=== Section Start ===

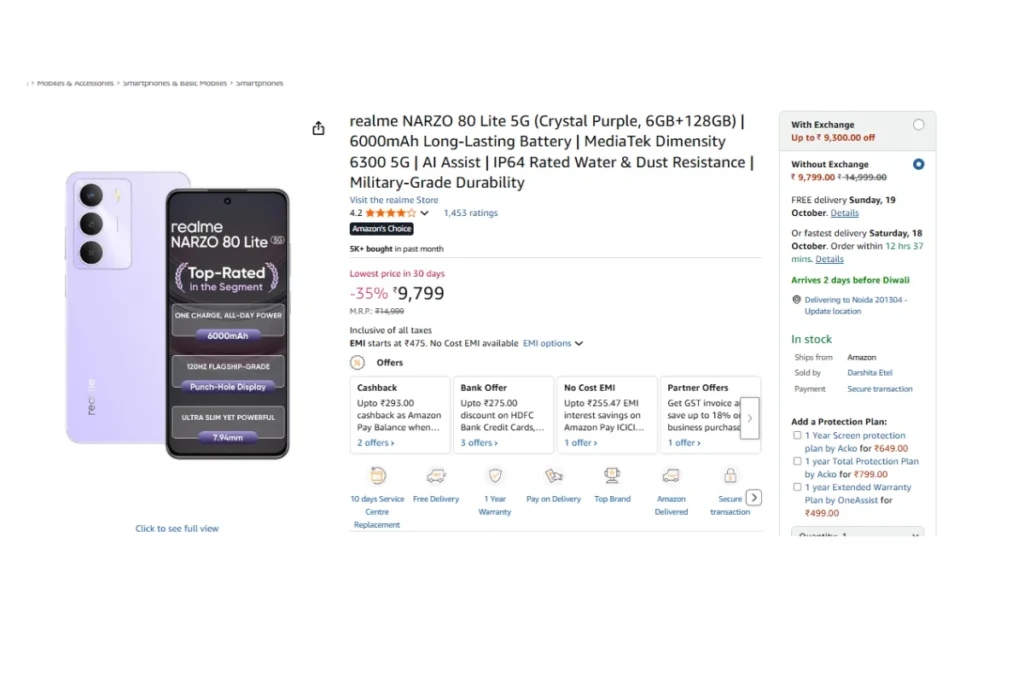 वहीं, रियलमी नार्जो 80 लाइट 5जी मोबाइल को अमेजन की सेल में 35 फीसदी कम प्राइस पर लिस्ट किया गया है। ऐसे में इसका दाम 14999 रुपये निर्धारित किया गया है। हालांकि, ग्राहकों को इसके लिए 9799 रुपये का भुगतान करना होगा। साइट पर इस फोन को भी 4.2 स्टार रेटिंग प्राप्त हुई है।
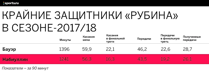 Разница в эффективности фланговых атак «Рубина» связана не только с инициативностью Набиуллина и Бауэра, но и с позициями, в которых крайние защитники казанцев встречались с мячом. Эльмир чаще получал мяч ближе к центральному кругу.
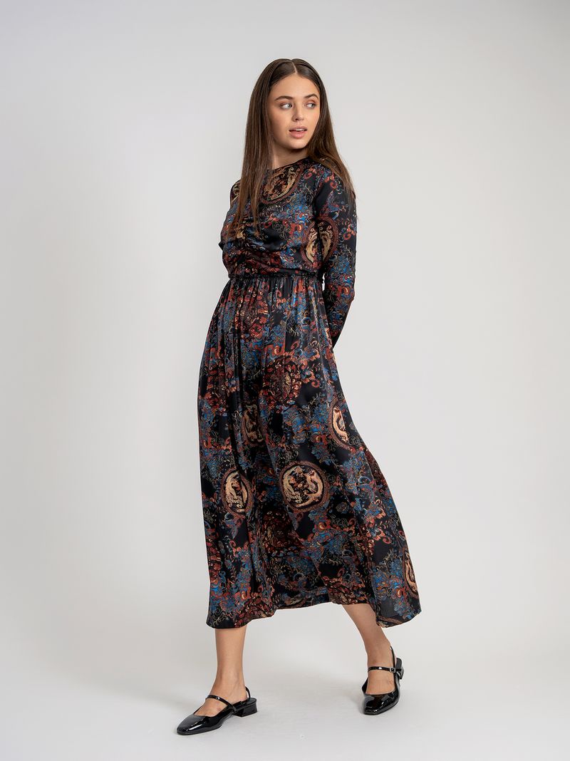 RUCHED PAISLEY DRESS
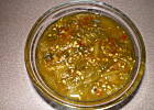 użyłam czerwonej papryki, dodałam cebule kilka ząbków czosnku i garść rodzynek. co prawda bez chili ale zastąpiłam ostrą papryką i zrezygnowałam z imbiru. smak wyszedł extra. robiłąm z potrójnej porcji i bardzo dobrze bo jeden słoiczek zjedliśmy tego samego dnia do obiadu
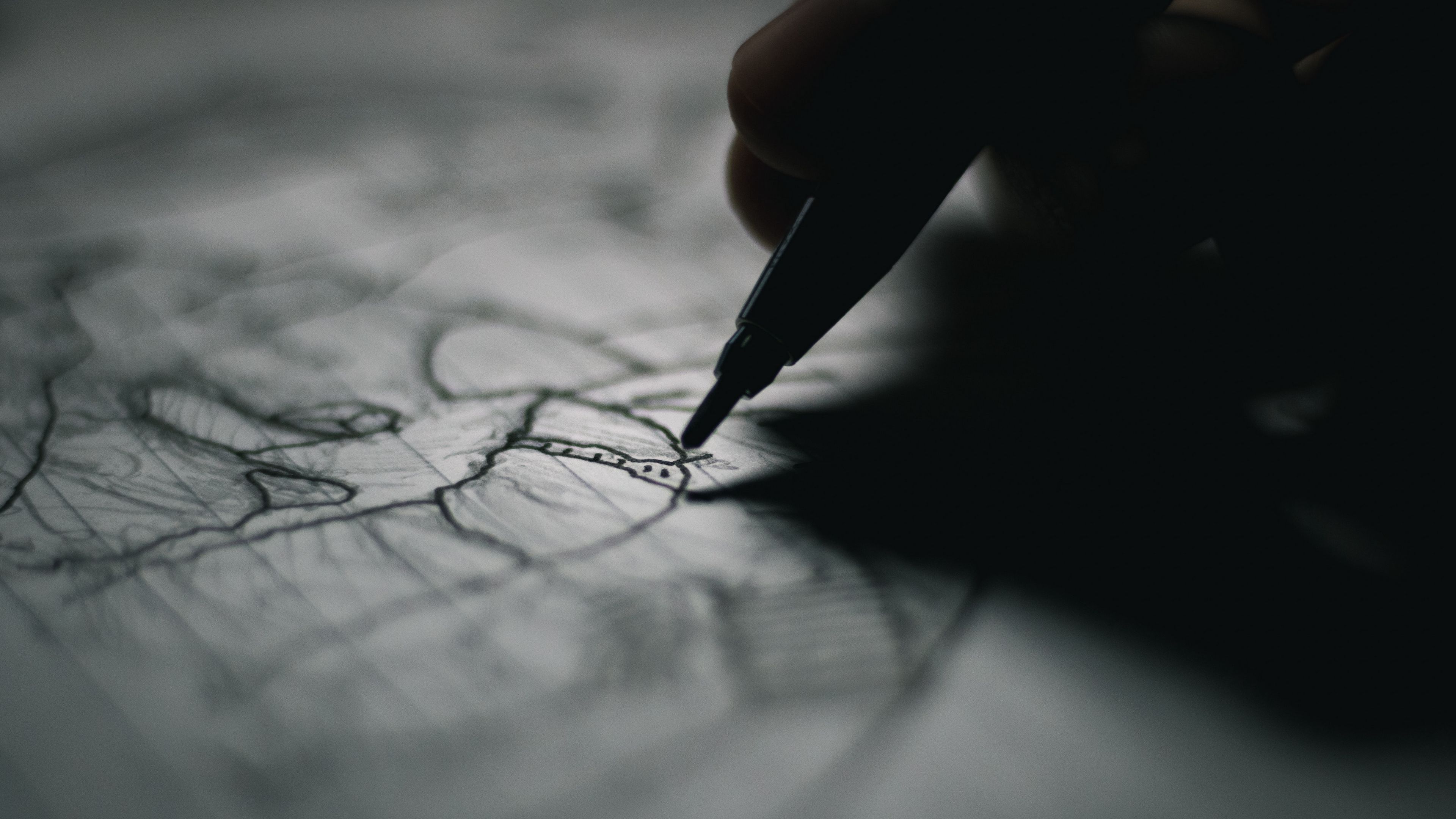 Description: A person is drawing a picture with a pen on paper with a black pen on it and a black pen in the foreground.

=== Section End ===

§ WHAT IS EXPECTED
Where pictures appear, drop them, and reproduce exactly only the lines running from the beginning of the data to the line that contains "RUCHED PAISLEY DRESS", inclusive.

§ OUTPUT OF THE EXERCISE
 वहीं, रियलमी नार्जो 80 लाइट 5जी मोबाइल को अमेजन की सेल में 35 फीसदी कम प्राइस पर लिस्ट किया गया है। ऐसे में इसका दाम 14999 रुपये निर्धारित किया गया है। हालांकि, ग्राहकों को इसके लिए 9799 रुपये का भुगतान करना होगा। साइट पर इस फोन को भी 4.2 स्टार रेटिंग प्राप्त हुई है।
 Разница в эффективности фланговых атак «Рубина» связана не только с инициативностью Набиуллина и Бауэра, но и с позициями, в которых крайние защитники казанцев встречались с мячом. Эльмир чаще получал мяч ближе к центральному кругу.
 RUCHED PAISLEY DRESS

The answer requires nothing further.